Figure 5. mRNA of Calcium Handling Proteins, Sodium Transporters and Regulatory Proteins

Expression levels of Ca²⁺ - and Na⁺-transporters and regulatory proteins in myocardium from CTR, HHD and HHD+HFpEF patients using quantitative PCR. No significant differences in expression levels were found.

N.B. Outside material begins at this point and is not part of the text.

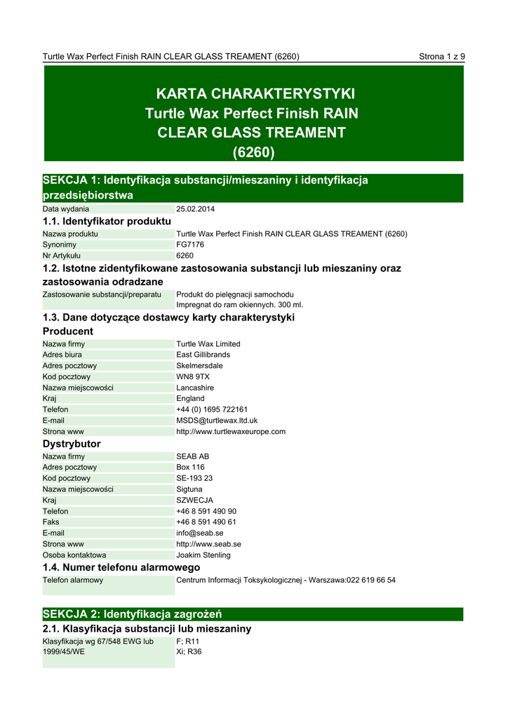 Turtle Wax Perfect Finish RAIN CLEAR GLASS TREAMENT (6260) KARTA CHARAKTERYSTYKI Turtle Wax Perfect Finish RAIN CLEAR GLASS TREAMENT (6260) SEKCJA 1: Identyfikacja substancji/mieszaniny i identyfikacja przedsiębiorstwa Data wydania 25.02.2014 1.1. Identyfikator produktu Nazwa produktu Synonimy Nr Artykułu Turtle Wax Perfect Finish RAIN CLEAR GLASS TREAMENT (6260) FG7176 6260 1.2. Istotne zidentyfikowane zastosowania substancji lub mieszaniny oraz zastosowania odradzane Zastosowanie substancji/preparatu Produkt do pielęgnacji samochodu Impregnat do ram okiennych. 300 ml. 1.3. Dane dotyczące dostawcy karty charakterystyki Producent Nazwa firmy Adres biura Adres pocztowy Kod pocztowy Nazwa miejscowości Kraj Telefon E-mail Strona www Turtle Wax Limited East Gillibrands Skelmersdale WN8 9TX Lancashire England +44 (0) 1695 722161 [email protected] http://www.turtlewaxeurope.com Dystrybutor Nazwa firmy Adres pocztowy Kod pocztowy Nazwa miejscowości Kraj Telefon Faks E-mail Strona www Osoba kontaktowa SEAB AB Box 116 SE-193 23 Sigtuna SZWECJA +46 8 591 490 90 +46 8 591 490 61 [email protected] http://www.seab.se Joakim Stenling 1.4. Numer telefonu alarmowego Telefon alarmowy Centrum Informacji Toksykologicznej - Warszawa:022 619 66 54 SEKCJA 2: Identyfikacja zagrożeń 2.1. Klasyfikacja substancji lub mieszaniny Klasyfikacja wg 67/548 EWG lub 1999/45/WE F; R11 Xi; R36 Strona 1 z 9 Turtle Wax Perfect Finish RAIN CLEAR GLASS TREAMENT (6260) Niebezpiecznych właściwości substancji / mieszaniny Strona 2 z 9 R67 Produkt wysoce łatwopalny. Działa drażniąco na oczy. Pary mogą wywoływać uczucie senności i zawroty głowy. 2.2. Elementy oznakowania Symbol ryzyka Zwroty R Zwroty S R11 Produkt wysoce łatwopalny. R36 Działa drażniąco na oczy. R67 Pary mogą wywoływać uczucie senności i zawroty głowy S2 Chronić przed dziećmi S9 Przechowywać pojemnik w miejscu dobrze wentylowanym S16 Nie przechowywać w pobliżu źródeł zapłonu nie palić tytoniu S25 Unikać zanieczyszczenia oczu S26 Zanieczyszczone oczy przemyć natychmiast dużą ilością wody i zasięgnąć porady lekarza S46 W razie połknięcia niezwłocznie zasięgnij porady lekarza pokaż opakowanie lub etykietę 2.3. Inne zagrożenia PBT / vPvB Skutek fizykochemiczny Skutek dla zdrowia Inne zagrożenia Nie przeprowadzono oceny właściwości PBT i vPvB. W temperaturze otoczenia tworzy wybuchowe mieszaniny z powietrzem. Zanieczyszczone ubranie może stanowić zagrożenie pożarowe, należy więc zmoczyć je wodą przed zdjęciem i wyprać przed ponownym użyciem. Częsty lub długotrwały kontakt może doprowadzić do odtłuszczenia skóry, co może powodować jej podrażnienie i suchość. W razie rozlania materiału pamiętać, że podłogi i powierzchnie będą śliskie. SEKCJA 3: Skład/informacja o składnikach 3.2. Mieszaniny Nazwa komponentu Propan-2-ol Nagłówki kolumn HH/HF/HE Komentarze o komponentach Identyfikacja Nr CAS: 67-63-0 Nr EC: 200-661-7 Klasyfikacja Zawartość F; R11 70 - 100 % Xi; R36 R67 Flam. Liq. 2; H225 Eye Irrit. 2; H319 STOT SE3; H336 Nr CAS = nr przypisany przez Chemical Abstracts Service; UE (numer Einecs lub Elincs) = Europejski Wykaz Istniejących Substancji Chemicznych o Znaczeniu Komercyjnym; Nazwa składnika = Nazwa określona na liście substancji (nazwy substancji nieobjęte listą muszą być przetłumaczone, jeśli jest to możliwe). Zawartość podana w: procentach, procentach wagowych, procentach objętościowo-wagowych, procentach objętościowych, mg/m3, ppb, ppm, % wagi, % objętości. T+ = Bardzo toksyczne, T = Toksyczne, C = Żrące, Xn = Szkodliwe, Xi = Drażniące, E = Wybuchowe, O = Utleniające, F+ = Skrajnie łatwopalne, F = Wysoce łatwopalne, N = Niebezpieczne dla środowiska Patrz sekcja 16 - Pełny tekst zadeklarowanych wyżej fraz-R i uwag H jak podano powyżej. SEKCJA 4: Środki pierwszej pomocy 4.1. Opis środków pierwszej pomocy Turtle Wax Perfect Finish RAIN CLEAR GLASS TREAMENT (6260) Ogólne Wdychanie Kontakt ze skórą Kontakt z oczami Połykanie Strona 3 z 9 W przypadku utraty przytomnosci lub innych poważnych sytuacjach, dzwonić 112. Numer telefonu alarmowego: patrz punkt 1.4. Wyjść na świeże powietrze i odpocząć /wyprowadzić poszkodowanego na świeże powietrze i pozwolić mu odpocząć. W przypadku utrzymującego się dyskomfortu skontaktować się z lekarzem. Niezwłocznie zdjąć zanieczyszczoną odzież i umyć skórę wodą z mydłem. W przypadku utrzymującego się podrażnienia skontaktować się z lekarzem. Przed płukaniem upewnić się, że ewentualne soczewki kontaktowe zostały wyjęte z oczu. Trzymać oczy szeroko otwarte. Natychmiast płukać dużą ilością wody do 5 minut. W przypadku utrzymującego się podrażnienia skontaktować się z lekarzem. Nie wywoływać wymiotów. Wypić kilka szklanek wody albo mleka. W przypadku utrzymującego się dyskomfortu skontaktować się z lekarzem. 4.2. Najważniejsze ostre i opóźnione objawy oraz skutki narażenia Objawy i skutki ostre Opóźnione objawy i skutki Wdychanie: Pary mogą wywoływać uczucie senności i zawroty głowy. Kontakt ze skórą: Produkt działa odtłuszczająco na skórę przy długotrwałym lub częstym kontakcie. Kontakt z oczami: Działa drażniąco na oczy. Mogą wystąpić objawy takie jak łzawienie i ból oczu. Spożycie: Spożycie produktu może powodować ból głowy, zmęczenie, nudności, wymioty, utratę przytomności lub zatrucie. Może powodować podrażnienie błon śluzowych, wymioty i biegunkę. Takie same jak objawy ostre. 4.3. Wskazania dotyczące wszelkiej natychmiastowej pomocy lekarskiej i szczególnego postępowania z poszkodowanym Inne informacje Leczenie objawowe. SEKCJA 5: Postępowanie w przypadku pożaru 5.1. Środki gaśnicze Właściwe środki gaśnicze Nieprawidłowe środki gaśnicze Dwutlenek węgla (CO2). Nie używać jednego strumienia wody. 5.2. Szczególne zagrożenia związane z substancją lub mieszaniną Ryzyko pożaru i wybuc

Figure 6. Effects of Sodium Influx Inhibition on Relaxation Time Indices

Left panel: Original tracing of a myocardial preparation obtained from a patient with HHD that was sequentially exposed to 10μM ranolazine, 50μM furosemide and 50μM amiloride. Incomplete relaxation at 180/min was not affected by any of the Na⁺-influx inhibitors. Right panel: Relaxation time parameters (RT₅₀, RT₉₀ and tau) obtained at 60/min in myocardium from control patients (n=8), HHD (n=7) and HHD+HFpEF (n=4). After a baseline measurement without inhibitor relaxation was sequentially assessed with ranolazine, furosemide and amiloride. No changes in relaxation time parameters were noted.